Do product people need project managers?

Jason Knight
4 min readMay 8, 2022

I ran an interesting poll on Twitter recently asking for product managers’ opinions of project managers, and whether they want to work with them. Project managers get a bit of a rough ride in product management circles and much of the classic literature, but what did people really think? I was pretty surprised.

What the..!?

I was surprised because nearly 60% of people seem to want to work with project management in their product development process. That’s not a slight on project managers from me… I have worked with some fantastic project managers in my time! However, it does run counter to the traditional product management narrative.

Some of the replies to the poll were interesting and made me think a little bit about the role of project management in product development, where project managers can deliver value, and the types of project managers that we might work with.
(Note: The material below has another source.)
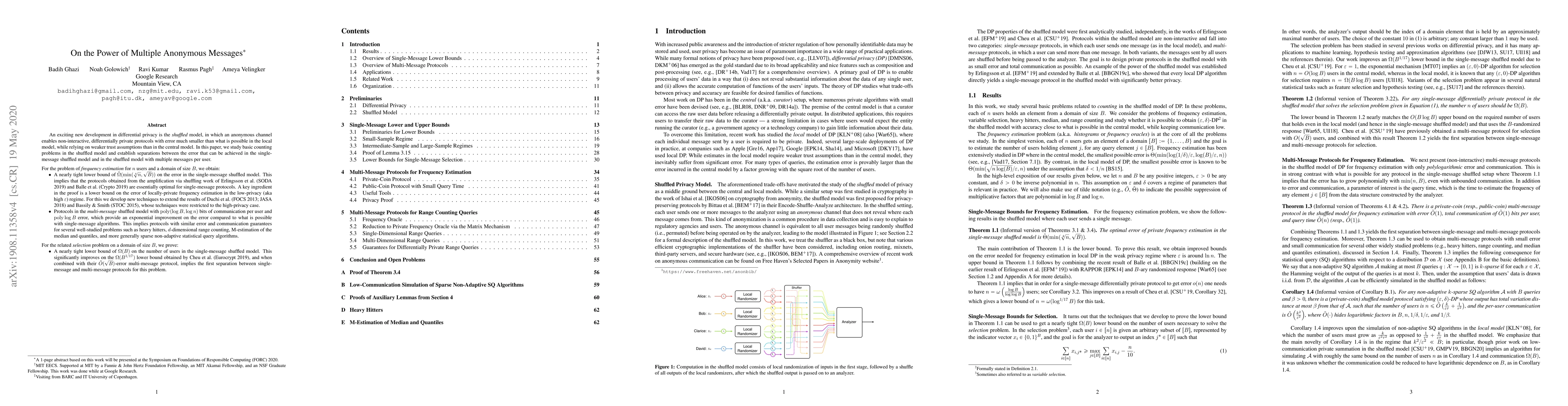 An exciting new development in differential privacy is the shuffled model, in which an anonymous channel enables non-interactive, differentially private protocols with error much smaller than what is possible in the local model, while relying on weaker trust assumptions than in the central model. In this paper, we study basic counting problems in the shuffled model and establish separations between the error that can be achieved in the single-message shuffled model and in the shuffled model with multiple messages per user. For the problem of frequency estimation for $n$ users and a domain of size $B$, we obtain: - A nearly tight lower bound of $\tilde{\Omega}( \min(\sqrt[4]{n}, \sqrt{B}))$ on the error in the single-message shuffled model. This implies that the protocols obtained from the amplification via shuffling work of Erlingsson et al. (SODA 2019) and Balle et al. (Crypto 2019) are essentially optimal for single-message protocols. A key ingredient in the proof is a lower bound on the error of locally-private frequency estimation in the low-privacy (aka high $\epsilon$) regime. - Protocols in the multi-message shuffled model with $poly(\log{B}, \log{n})$ bits of communication per user and $poly\log{B}$ error, which provide an exponential improvement on the error compared to what is possible with single-message algorithms. For the related selection problem on a domain of size $B$, we prove: - A nearly tight lower bound of $\Omega(B)$ on the number of users in the single-message shuffled model. This significantly improves on the $\Omega(B^{1/17})$ lower bound obtained by Cheu et al. (Eurocrypt 2019), and when combined with their $\tilde{O}(\sqrt{B})$-error multi-message protocol, implies the first separation between single-message and multi-message protocols for this problem.

I broke them down into four main groups (I’m sure there are more) in order of desirability:

The emergency Scrum masters

This is an interesting one that you might see in a company that is digitally transforming or moving from a professional service to a product mindset. That’s a good transformation to undergo, but we all know it’s not just a case of splitting your waterfalls into 2-week chunks and carrying on as usual. It takes substantial cultural change to do any of this stuff properly, and simply assuming that your project managers can take a 2-week course (if you even send them on a course at all) and become Scrum masters is not it at all.

That’s not to say that project managers (or anyone else for that matter) can’t train to be effective Scrum masters because I’m sure that many absolutely can. But if they’re just going to be treating each Sprint as a mini project and micromanaging the ceremonies, that’s not it. It really isn’t.

Red / Amber / Green Gantt jockeys

People in this group are mainly interested in creating beautifully crafted delivery plans and trying to introduce predictability to the product management process. They see the way to do this as asking people for constant updates so they can produce status reports for the leadership team showing whether things are on track.